# Thread: large numbers in log space -- dividing summations

1. ## large numbers in log space -- dividing summations

Hi, I originally posted this is Calculus (it was my first post, probably a mistake, maybe still a mistake to post here, I am not sure). I tried to get help in Chat, but it wasn't coming up, and I tried to post in the Questions/Comments section, but I wasn't allowed. So, I realize I am somewhat double posting here, so I apologize.

Let's say I have:

N = Σ Σ p^a * q^b ...for p = 0 to 1 (non-inclusive), q = 0 to 1 (non-inclusive), and a = very large number, b = very large number
D = Σ r^c ...for r = 0 to 1 (non-inclusive), and c = very large number

and, I want to take N/D

However, because a,b,c are all very large, I'd like to take these into logarithms in order to make it tractable on a computer.

So, I can do:

N = Σ Σ e^(a*log(p) + b*log(q))
D = Σ e^(c*log(r))

and, then I can take N/D

This is equivalent, but still does not solve the computer limitation problem, since I have to take e^ before dividing N and D, and the computer just says those are 0

So, I'd like to do something like the following, but it doesn't seem right. This is where I am getting hung up

N/D = Σ Σ Σ e^(a*log(p) + b*log(q) - c*log(r))

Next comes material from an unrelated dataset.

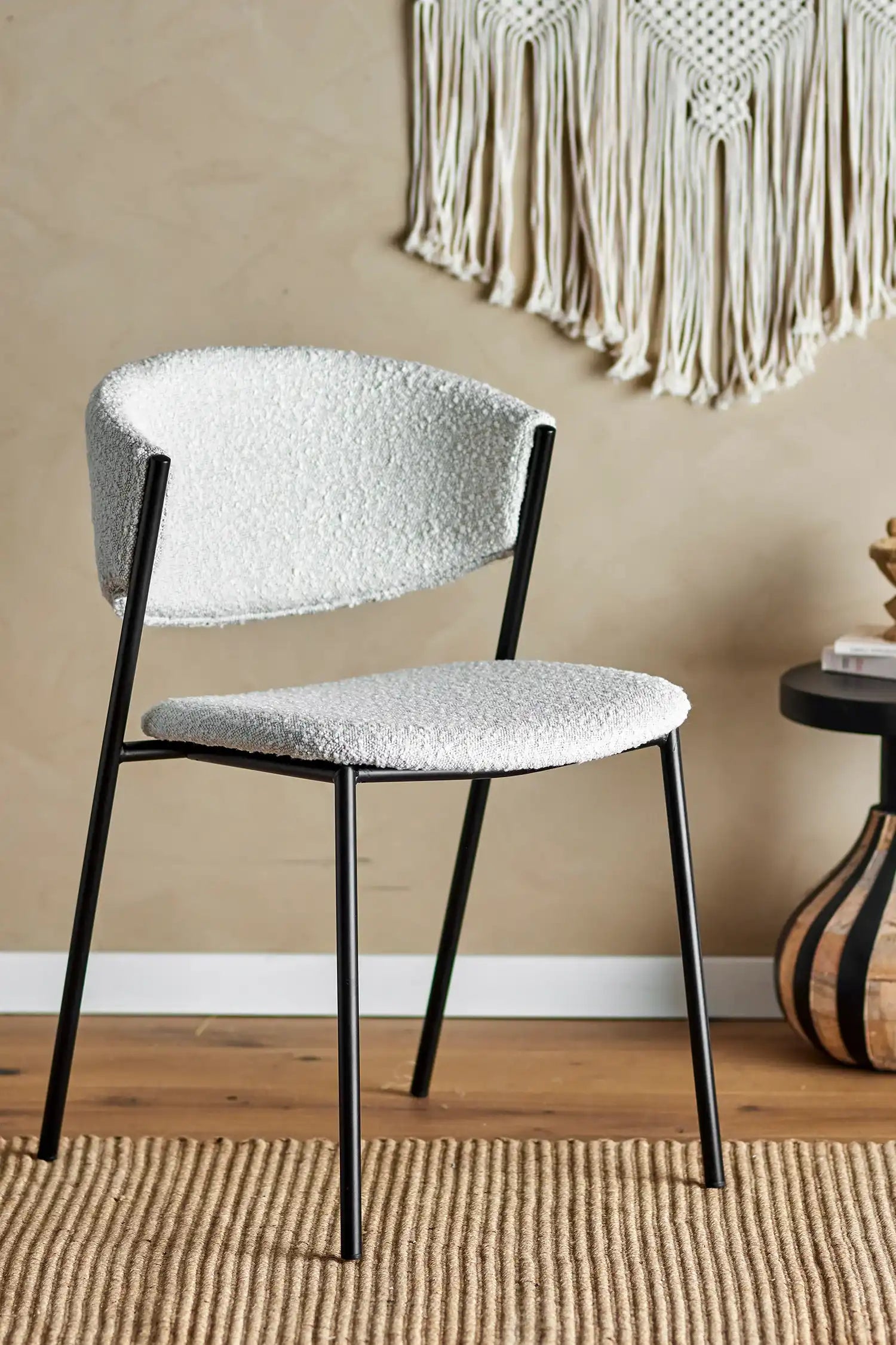 Hochwertige Verarbeitung & skandinavisches Material: Der Marlo Esszimmerstuhl von Bloomingville ist mit luxuriösem, weißem Bouclé aus Polyester bezogen. Dank des cleveren, stapelbaren Designs und der Maße von 54 x 79 x 49 cm passt er mühelos in kleine wie große Räume. Die weiche, dennoch feste Sitzfläche sorgt dafür, dass du immer wieder Platz nehmen möchtest.

This doesn't seem to be equivalent. In fact, I know it's not equivalent, because you can't divide summations in that way. Is there a better way?

Thanks!

2. ## Re: large numbers in log space -- dividing summations

Originally Posted by timfoea
Hi, I originally posted this is Calculus (it was my first post, probably a mistake, maybe still a mistake to post here, I am not sure). I tried to get help in Chat, but it wasn't coming up, and I tried to post in the Questions/Comments section, but I wasn't allowed. So, I realize I am somewhat double posting here, so I apologize.

Let's say I have:

N = Σ Σ p^a * q^b ...for p = 0 to 1 (non-inclusive), q = 0 to 1 (non-inclusive), and a = very large number, b = very large number
D = Σ r^c ...for r = 0 to 1 (non-inclusive), and c = very large number
would you like to reword this, as it is these seem to be empty summations.

CB

3. ## Re: large numbers in log space -- dividing summations

I would like to approximate/compute:

$\frac{\sum_{p=0.01}^{.99} \sum_{q=0.01}^{.99} p^a q^b}{\sum_{p=0.01}^{.99} r^c}$

where a,b,c are very large constants, (e.g., a = 10000, b = 20000, c = 30000), and I step the summations by, say, 0.01

thus, i use log space so this is tractable on a computer:

$\frac{\sum_{p=0.01}^{.99} \sum_{q=0.01}^{.99} e^{a \log p + b \log q}}{\sum_{p=0.01}^{.99} e^{c \log r}}$

the problem is that in order to do the final division, i have to take $e^{n}$ where n is a very small number for both the numerator and denominator, and thus the computer considers this to be 0. I would like to be able to do the all the math in log space before having to come out of it with $e^{n}$

Does that make sense?

4. ## Re: large numbers in log space -- dividing summations

May be you could change this sum to Riemann integral.

5. ## Re: large numbers in log space -- dividing summations

Originally Posted by timfoea
I would like to approximate/compute:

$\frac{\sum_{p=0.01}^{.99} \sum_{q=0.01}^{.99} p^a q^b}{\sum_{p=0.01}^{.99} r^c}$

where a,b,c are very large constants, (e.g., a = 10000, b = 20000, c = 30000), and I step the summations by, say, 0.01

thus, i use log space so this is tractable on a computer:

$\frac{\sum_{p=0.01}^{.99} \sum_{q=0.01}^{.99} e^{a \log p + b \log q}}{\sum_{p=0.01}^{.99} e^{c \log r}}$

the problem is that in order to do the final division, i have to take $e^{n}$ where n is a very small number for both the numerator and denominator, and thus the computer considers this to be 0. I would like to be able to do the all the math in log space before having to come out of it with $e^{n}$

Does that make sense?
For $a$ "very large":

$\sum_{k=1}^{99} \left( k \times 0.01 \right)^a \approx 0.99^a$

That is all the terms in the summation are negligable compared to the largest.

But I doubt that what you posted is the real question, which is what you should have posted.

CB